🤖 AI Summary
Large language models (LLMs) struggle to efficiently solve tasks requiring long-range dependencies—such as computing the parity of d-bit strings—under standard autoregressive next-token prediction.
Method: We propose a reinforcement learning (RL) post-training framework built upon sequence-prediction pretraining. It incorporates hybrid short-and-long chain-of-thought (CoT) data and extended response generation at inference time, synergizing autoregressive Transformer architectures with linear theoretical analysis to yield an interpretable generalization theory.
Contribution/Results: We theoretically prove that when the proportion of long CoT examples is non-exponentially small, models can learn d-bit parity efficiently.
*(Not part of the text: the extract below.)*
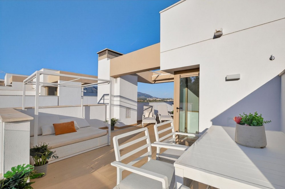 - This stylish townhouse offers a great mix of space, natural light and modern design, making it a really comfortable home whether you’re living here full-time or using it as a holiday place. With marble floors throughout and a warm, contemporary feel, it’s both practical and inviting. The main living area is bright and open, with a lounge and dining space that flows straight out onto a private terrace and through large sliding doors. It’s a great space for relaxing, having friends over or just enjoying a meal outside. The kitchen is fully fitted and connects nicely with the living space, so everything feels open and easy to use. The house is set over three levels and has three good-sized bedrooms, all with built-in wardrobes. The master bedroom has its own en-suite, and there’s also a family bathroom. There’s a private garage with space for up to three cars, which is a big plus for both parking and storage. The property also benefits from a fully upgraded basement, with pre-installation already in place for a bathroom (including plumbing and drainage), along with electrical points, lighting and a ventilation system. This gives you a great opportunity to easily create extra living space, whether that’s a guest apartment, gym or entertainment area. It also comes with a tourist licence already in place, so you can rent it out short term if you want. Another nice detail is that you only have neighbours on one side, which gives you a bit more privacy. The property is located in La Cala Golf Resort, one of the most popular areas on the Costa del Sol. You’ve got access to three golf courses, a racquet club (tennis, padel and squash), gym, spa and the hotel. The community itself has well-kept gardens, two swimming pools and a separate kids’ pool. Even though it feels peaceful and surrounded by nature, you’re only about 7 minutes from the beach, restaurants, shops and schools in La Cala de Mijas. Fuengirola is around 10 minutes away, Marbella 20 minutes, and Málaga Airport about 30 minutes, with easy access to the main road. All in all, it’s a really solid option if you’re looking for a modern home in a quiet location, with rental potential and everything you need close by. Contact us today to secure your viewing.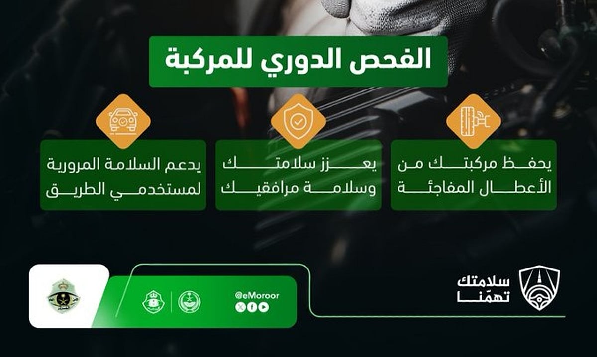 وشدد المرور على أن الفحص الدوري لا يقتصر أثره على المركبة وسائقها فقط، بل يسهم أيضًا في تعزيز السلامة المرورية لمستخدمي الطريق كافة، من خلال تقليل احتمالية وقوع الحوادث الناتجة عن الأعطال المفاجئة.

Empirical evaluation on Llama-family models demonstrates substantial gains over pure autoregressive baselines in sparse long-sequence settings and replicates RL post-training’s generalization benefits across multiple mathematical reasoning benchmarks. Our approach offers a novel pathway to reduce statistical and computational resource requirements for complex reasoning tasks.
📝 Abstract
Recent advances in reasoning domains with neural networks have primarily been enabled by a training recipe that optimizes Large Language Models, previously trained to predict the next-token in a sequence, with reinforcement learning algorithms. We introduce a framework to study the success of this paradigm, and we theoretically expose the optimization mechanisms by which reinforcement learning improves over next-token prediction in this setting. We study learning from mixture distributions of short and long ``chain-of-thought'' sequences encoding a single task. In particular, when the task consists of predicting the parity of $d$ bits and long sequences are rare, we show how reinforcement learning after next-token prediction enables autoregressive transformers to generalize, whereas mere next-token prediction requires extreme statistical or computational resources to do so. We further explain how reinforcement learning leverages increased test-time computation, manifested in longer responses, to facilitate this learning process. In a simplified setting, we theoretically prove that autoregressive linear models following this training recipe can efficiently learn to predict the parity of $d$ bits as long as the proportion of long demonstrations in the data mix is not exponentially small in the input dimension $d$. Finally, we demonstrate these same phenomena in other settings, including the post-training of Llama-series models on mixture variations of common mathematical reasoning benchmarks.